Comparison between the Singular Action and the Synergistic Action of Therapeutic Resources in the Treatment of Knee Osteoarthrosis in Women: A Blind and Randomized Study
Received: 22-Apr-2019 / Accepted Date: 01-May-2019 / Published Date: 07-May-2019 DOI: 10.4172/2165-7025.1000411
Osteoarthritis is a degenerative joint disease that promotes chronic and joint decrease, which is prevalent in the elderly. There are several therapeutic approaches for the treatment of pain, including therapeutic ultrasound and laser therapy, therapeutic resources are not included in the treatment of this disease. The aim of this study was to distinguish between a single application of the laser therapy/therapeutic ultrasound resources in relation to the effect of the synergistic applications of the same resources in patients with knee osteoarthrosis. Thirty patients were selected, being 10 patients per group, randomly distributed. In addition, patients did not have access to the form of a course, characterizing a blind study. Patients were assessed by Western Ontario and McMaster University Osteoarthritis Index (WOMAC) for osteoarthritis of the knee. All patients completed the Visual Analogue Scale. Analogue scale, fossil of greater abnormality, larger or smaller wall, conjugated according to natural resources. A greater percentage difference was observed in the comparison between laser versus ultralaser (50%) and therapeutic ultrasound versus ultralaser (130%), when compared to functionality (WOMAC). When comparing the Visual Analogue Scale, a greater reduction of pain was observed by the combined use of resources in relation to the resources singularly, for both the right and left knees. The results showed that synergic therapy was more efficient in the treatment of knee osteoarthrosis in relation to the use of the therapies alone, in relation to both joint function and pain. The use of new technologies provides a new treatment approach, without the use of drugs and non-invasively, allowing a better quality of life of patients with this chronic and degenerative pathology.
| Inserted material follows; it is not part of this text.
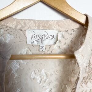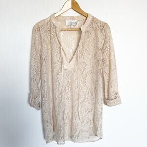 Rory Beca Lace Tunic Small Mini Dress Tan Tie Boho Festival Sheer Western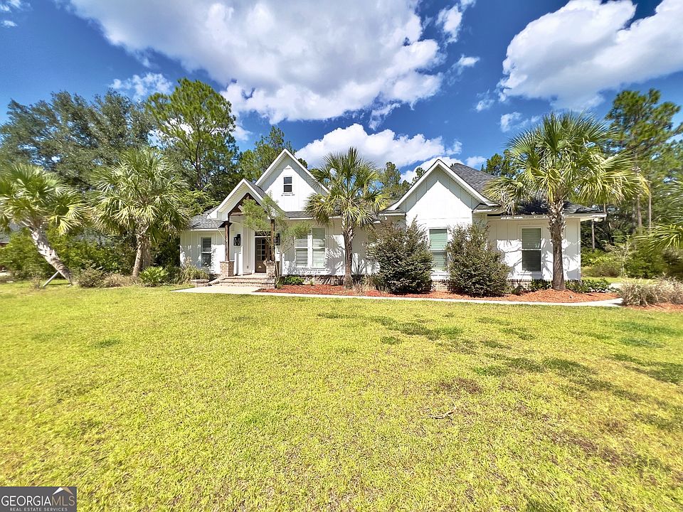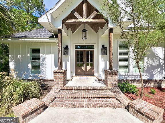 Welcome to this beautiful 3-bedroom, 2-bath home on 0.90 acres with no HOA. Features include double French entry doors, a brick gas fireplace, hurricane-safe windows, and a large covered patio. The kitchen offers light granite countertops with a 10-year warranty, stainless steel appliances, double oven, farm sink, and integrated pantry. The owner's suite boasts dual vanities, soaking tub, walk-in shower, and a custom walk-in closet. An aroma 360 machine is connected to the HVAC that scents the home and can be refilled monthly! Additional highlights include upgraded laundry cabinetry with folding station and a tankless water heater.

Keywords: Osteoarthritis; Laser therapy; Therapeutic ultrasound; Ultralaser
Osteoarthritis is an irreversible degenerative joint disease, which leads to pain and loss of joint function. It can be defined as a condition characterized by focal areas of loss of articular cartilage in the synovial joints and affects about 20% of the world population. Between the age group of 40 to 60 years a linear increase of the degeneration happens, and with the increasing life expectancy, will result in an increase of osteoarthrosis; worldwide estimates of diseases show that by 2030 the prevalence for symptomatic osteoarthritis is 30%. The knee joint is among the three most commonly affected joints, along with hand and hip joints, being more common in females [1,2].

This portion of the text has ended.